如果能够区分征地审批的内部控制与征地决定的外部效力,保留国务院与省级人民政府基于用途管制目的对征地的内部审批控制,同时将具备外部法律效力的征地决定权赋予实质上承担主要征收事务的市、县级人民政府,实现土地征收决定的形式与实质的统一,就可以辩识征地决定的法律形式。同时,通过国务院及省级人民政府基于“用地控制”目标的内部审批,以及将市、县级人民政府作出的征地决定纳入行政诉讼受案范围,通过内部的审批控制与外部司法监督的结合,可以较好保证用途管制目标的实现。

2.未能确立征地安置补偿争议纠纷解决机制。征地搬迁案件呈现出社会关注度高、矛盾易激化、息诉难度大、纠纷周期长的特点,因此,亟须立法设定征地安置补偿纠纷的第三方中立裁决机制,推动征地搬迁纠纷的多元解决。事实上,不论是《土地管理法实施条例》第25条设立的征地补偿标准协调裁决机制还是《国有土地上房屋征收与补偿条例》第26条授权市、县级人民政府作出的房屋征收补偿决定,其主要属性均属一种自愿协商方式未能达成征地安置补偿协议时的行政纠纷解决机制。域外征收法制中有与司法裁判机制结合较为密切的补偿争议行政裁决机制,值得《土地管理法》修订时予以借鉴。

3.征收类型化的规范表达欠缺。土地征收以公共利益需要为启动标准,同时公共利益也有不同类型,如国有土地上的房屋征收中的旧城区改建以及集体土地上房屋征收的城中村改造等,并非基于外在的交通、市政工程等公共事业类建设项目需要,而是改善被征收人居住条件,甚至是推动旧区更新、再生的重要方式,因此,没必要将其与其他公益建设项目的征地类型混同。《修正案(草案)》第45条参照《国有土地上房屋征收与补偿条例》设立的“由政府组织实施的保障性安居工程建设需要用地的”与“由政府在土地利用总体规划确定的城镇建设用地范围内组织实施成片开发建设需要用地的”的土地征收类型,以及第48条第4款设置的独立集体土地上房屋征收类型,实质上是区别于一般征收类型(基于公益建设项目需要)的特别征收,体现了作为启动征收的公共利益标准个性。但是,《修正案草案》对于征收类型的设置仍处于一种粗放的表达状态,有必要作进一步的改进。

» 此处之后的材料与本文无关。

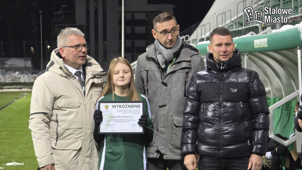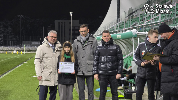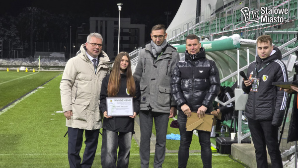 W przerwie meczu na murawę zaproszono młodą Stalówkę. Wręczono wyróżnienia piłkarkom i piłkarzom Akademii, którzy w rundzie jesiennej 2025 wykazali się wzorową postawą.

从域外立法来看,成熟的多样化征收类型主要包括区段征收、超额征收、保留征收、强制售买等。根据我国现有城乡建设的需要,以被征收人权利保护为依归,我国现行征收的具体类型可以在国有土地上的房屋征收与集体土地上的房屋征收并重、通过征收类型的技术创新推动征收目标的顺利实现、妥善处理新旧制度间的继承与发展关系等原则指导下,构建我国独特的“一般征收”“区段征收”(主要包括“危旧房改造”与“城中村改造”)以及“扩张征收”类型,进而通过征收类型化建设科学反映公共利益的个性。(1)顾大松:《房屋征收法律制度研究》,东南大学出版社2017年版,第76-127页。因此,《修正案草案》在相关条文中的“由政府组织实施的保障性安居工程建设需要用地”与“由政府在土地利用总体规划确定的城镇建设用地范围内组织实施成片开发建设需要用地”的集体土地征收与农村村民住宅的征收,实质为独特的区段征收类型,需要更为精确的立法条文予以概括。

四、完善土地征收补偿制度的建议

基于前述分析,从行政审判视角看,土地征收补偿制度改革主要集中于土地征收活动过程中,即征收决定、安置补偿、补偿(安置)争议解决三大环节,因此,在准确把握《修正案草案》进步与不足的基础上,根据土地征收补偿司法审查实践,需要做出如下改进:

1.在区别内部征地审批与外部征地决定的基础上,应明确规定由市、县级人民政府作出征地决定,调整现有征收决定的表达形式,在征地决定内容中明确规定被征收人对市、县级人民政府征地决定的复议、诉讼权利。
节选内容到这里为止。